Overdo intervals, or don’t allow enough recovery between sessions, and your injury risk increases. Your tendons, particularly the Achilles and Patellar (knee), are especially at risk.
“Do too much too soon, and you can end up stuck in a cycle of always feeling tired, but not actually improving,” warns Berger. It’s better to take your foot off the gas, miss a session if needed, and come back stronger for the next one so that you can fully engage and gain the benefits you want.
“Start slow and introduce only one new training variable into your weekly routine at a time,” agrees Roxana Ehsani, a sports dietitian who ran the fastest time at the Washington DC Marine Corps Marathon in 2026. Most experts follow the 10 percent rule, meaning don’t increase weekly mileage or load by more than 10 percent per week.
How you fuel your sessions matters, too. “As a sports dietitian, I always want to make sure runners are consuming enough total calories to prevent injury and avoid stress fractures,” Ehsani adds.

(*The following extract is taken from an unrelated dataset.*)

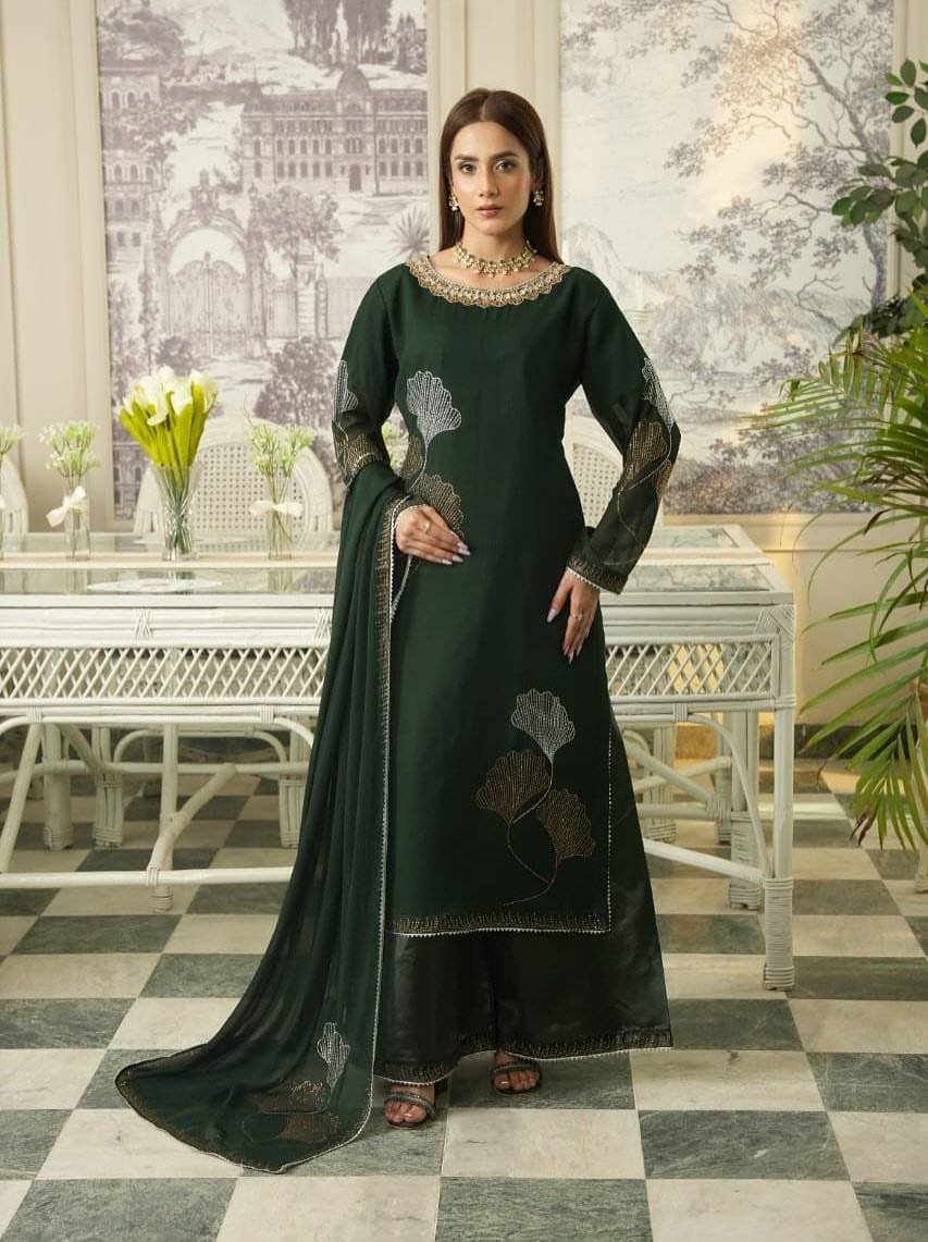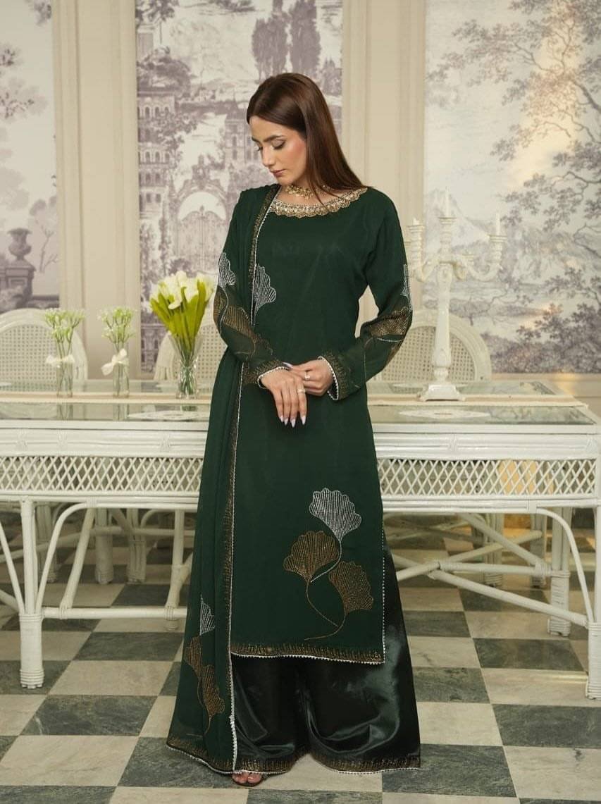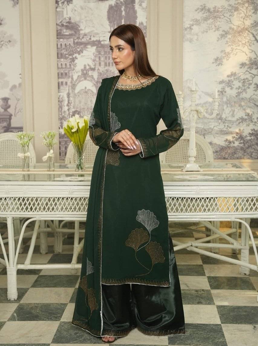 Be the first to review “Bottle green Chiffon Iron stone Partywear” Cancel reply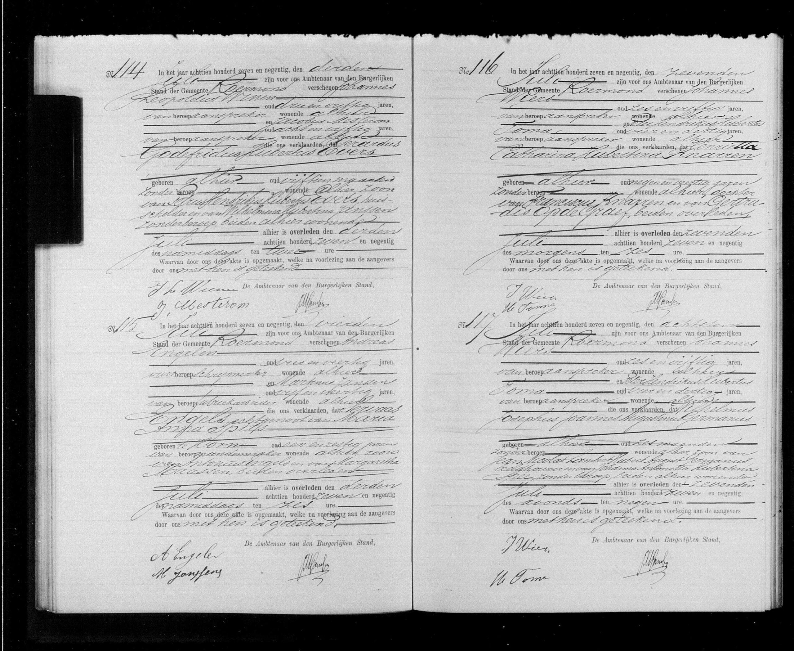 Aangevers: Johannes Leopoldus Wien?, 53 jaar oud, aanzegger uit Roermond en Jacobus Mesterom, 55 jaar oud, aanzegger uit Roermond.

And no, gels don’t count. Load up on carbs and protein before and after your session to avoid fatigue and to help your legs recover.
Related: How to Start Running: An Expert's Guide for Beginners and Returning Runners
What’s a Good Beginner Sprint Session?
For beginners, one interval session a week is ideal. “It can be useful to think flexibly and include a mix of tempo runs and fartlek sessions,” says Moses. Looking to give it a go? Here’s Moses’ beginner hill sesh.
Warmup
- 10 to 15 minutes easy jogging
- Dynamic stretching
- Running drills (e.g., high knees, skips)
- A few short strides to “prime” the system
Main session
- 8×12 second hill sprints
- Gradient: 7 to 10 percent incline
- Recovery: ~3 minutes walk or very slow jog
- Focus: Maximal form, power, and drive into the ground
Cool Down
- Easy jog for 5 to 10 minutes
- Followed by some light static stretching
“This type of session is low volume but high quality, ideal for beginners to safely introduce speed and strength,” he says. Good luck.